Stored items
---

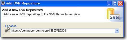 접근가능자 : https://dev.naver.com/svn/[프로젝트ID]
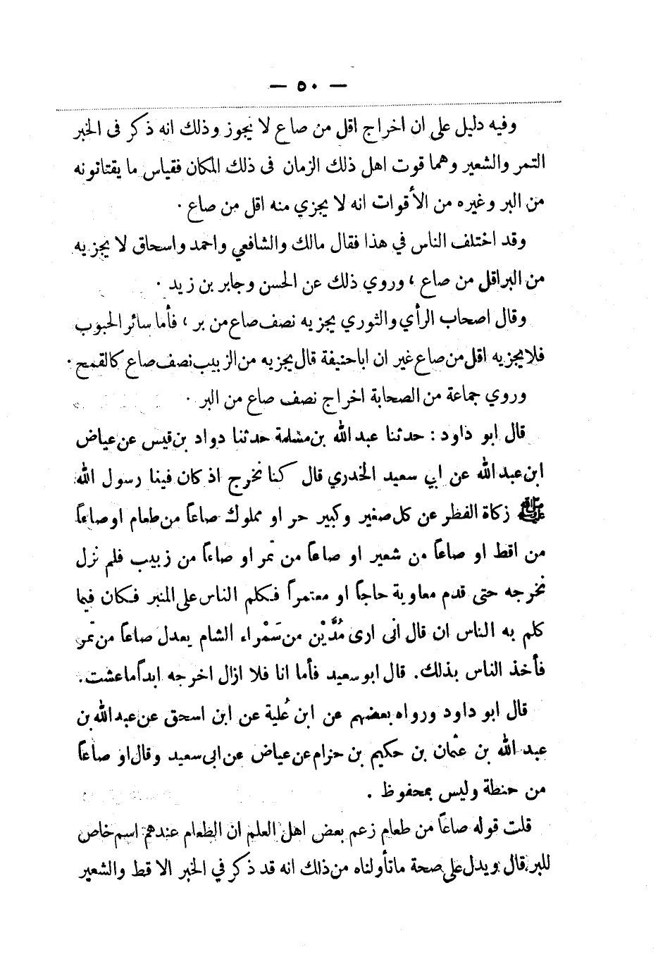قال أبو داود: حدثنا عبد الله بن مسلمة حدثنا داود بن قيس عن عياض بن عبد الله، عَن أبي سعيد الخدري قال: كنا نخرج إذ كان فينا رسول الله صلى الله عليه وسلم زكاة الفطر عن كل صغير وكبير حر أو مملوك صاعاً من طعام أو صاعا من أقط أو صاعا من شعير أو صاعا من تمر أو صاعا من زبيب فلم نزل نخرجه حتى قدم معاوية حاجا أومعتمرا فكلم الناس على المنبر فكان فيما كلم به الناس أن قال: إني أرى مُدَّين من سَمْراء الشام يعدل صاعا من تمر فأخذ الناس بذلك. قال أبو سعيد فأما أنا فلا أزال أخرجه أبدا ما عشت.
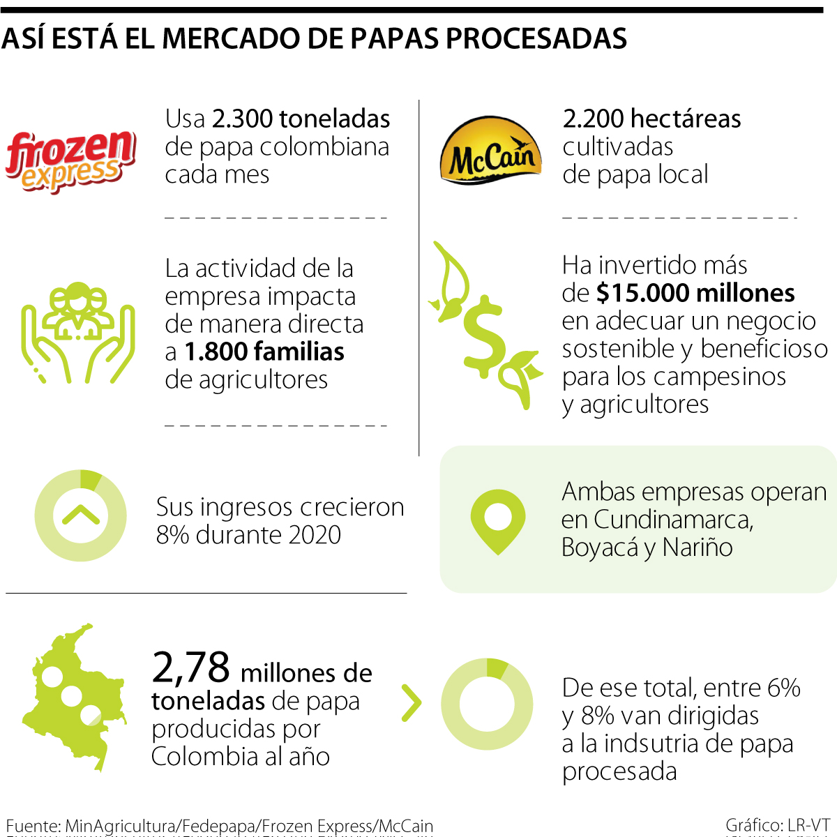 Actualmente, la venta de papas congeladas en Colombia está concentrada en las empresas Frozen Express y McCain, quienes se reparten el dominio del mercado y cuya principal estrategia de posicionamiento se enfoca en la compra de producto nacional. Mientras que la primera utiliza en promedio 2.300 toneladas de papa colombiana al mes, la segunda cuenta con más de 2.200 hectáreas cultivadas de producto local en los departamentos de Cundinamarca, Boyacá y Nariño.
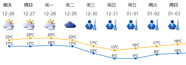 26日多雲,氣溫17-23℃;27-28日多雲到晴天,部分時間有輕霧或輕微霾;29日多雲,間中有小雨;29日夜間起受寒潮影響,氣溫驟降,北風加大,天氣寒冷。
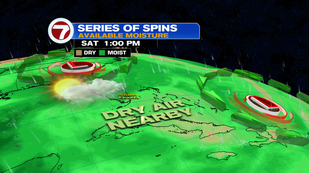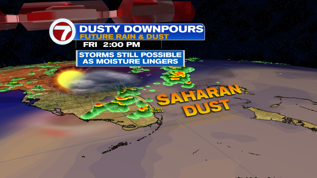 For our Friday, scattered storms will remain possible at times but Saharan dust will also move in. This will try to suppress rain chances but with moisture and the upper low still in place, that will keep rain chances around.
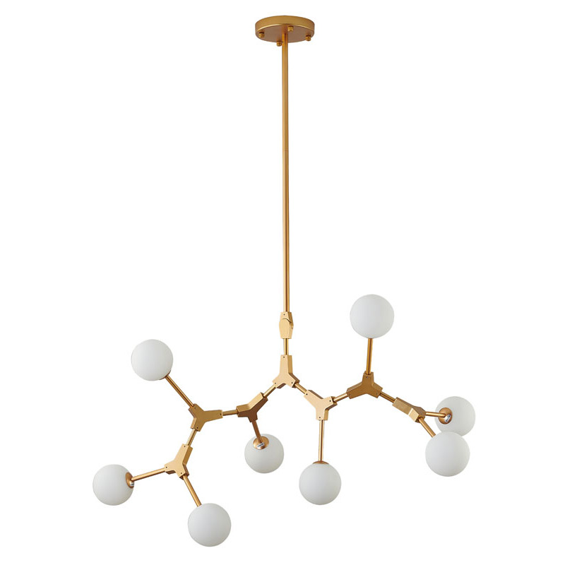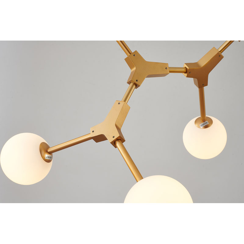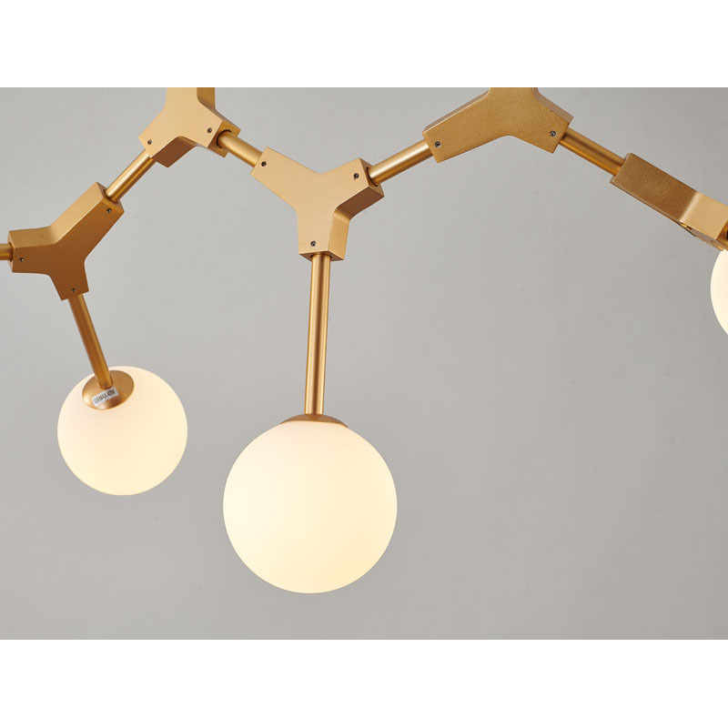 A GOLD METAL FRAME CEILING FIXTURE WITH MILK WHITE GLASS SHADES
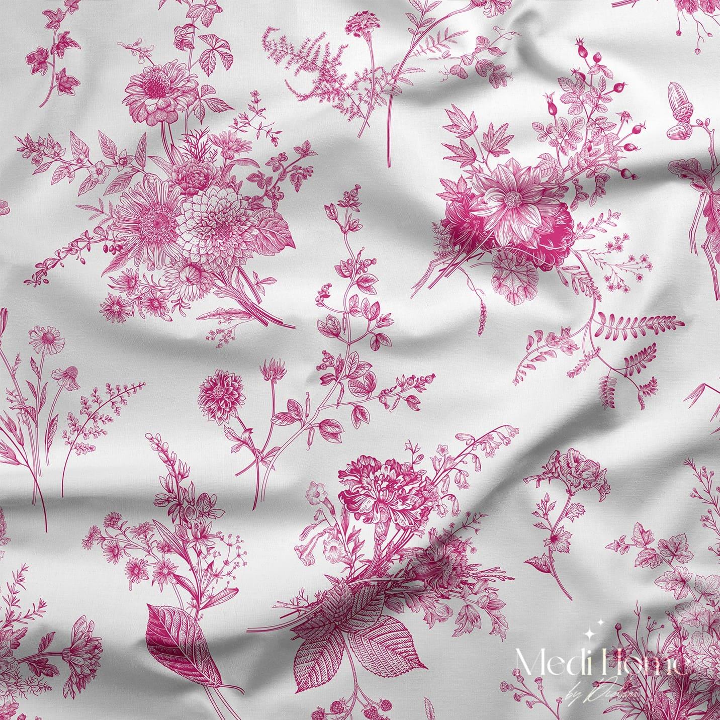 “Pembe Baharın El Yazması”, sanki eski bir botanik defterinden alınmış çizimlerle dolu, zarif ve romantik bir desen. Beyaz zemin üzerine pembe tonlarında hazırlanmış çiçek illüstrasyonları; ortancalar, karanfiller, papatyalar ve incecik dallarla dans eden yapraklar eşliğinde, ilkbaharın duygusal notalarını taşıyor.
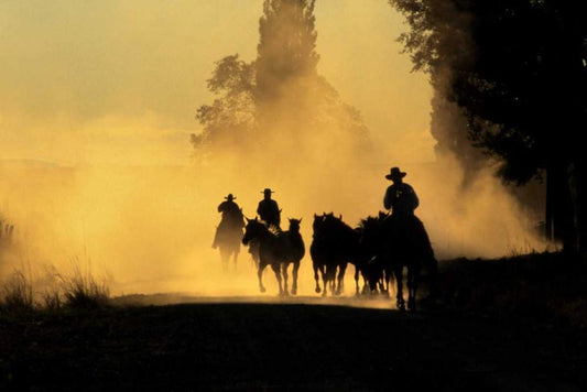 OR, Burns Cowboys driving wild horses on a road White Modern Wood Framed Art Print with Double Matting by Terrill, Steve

---

EXERCISE OBJECTIVE: Repeat, exactly and in full, each line from the start of the data to the line that contains "قال أبو داود: حدثنا". Pictures do not go in.

SOLUTION TO THIS PROBLEM:
 접근가능자 : https://dev.naver.com/svn/[프로젝트ID]
قال أبو داود: حدثنا عبد الله بن مسلمة حدثنا داود بن قيس عن عياض بن عبد الله، عَن أبي سعيد الخدري قال: كنا نخرج إذ كان فينا رسول الله صلى الله عليه وسلم زكاة الفطر عن كل صغير وكبير حر أو مملوك صاعاً من طعام أو صاعا من أقط أو صاعا من شعير أو صاعا من تمر أو صاعا من زبيب فلم نزل نخرجه حتى قدم معاوية حاجا أومعتمرا فكلم الناس على المنبر فكان فيما كلم به الناس أن قال: إني أرى مُدَّين من سَمْراء الشام يعدل صاعا من تمر فأخذ الناس بذلك. قال أبو سعيد فأما أنا فلا أزال أخرجه أبدا ما عشت.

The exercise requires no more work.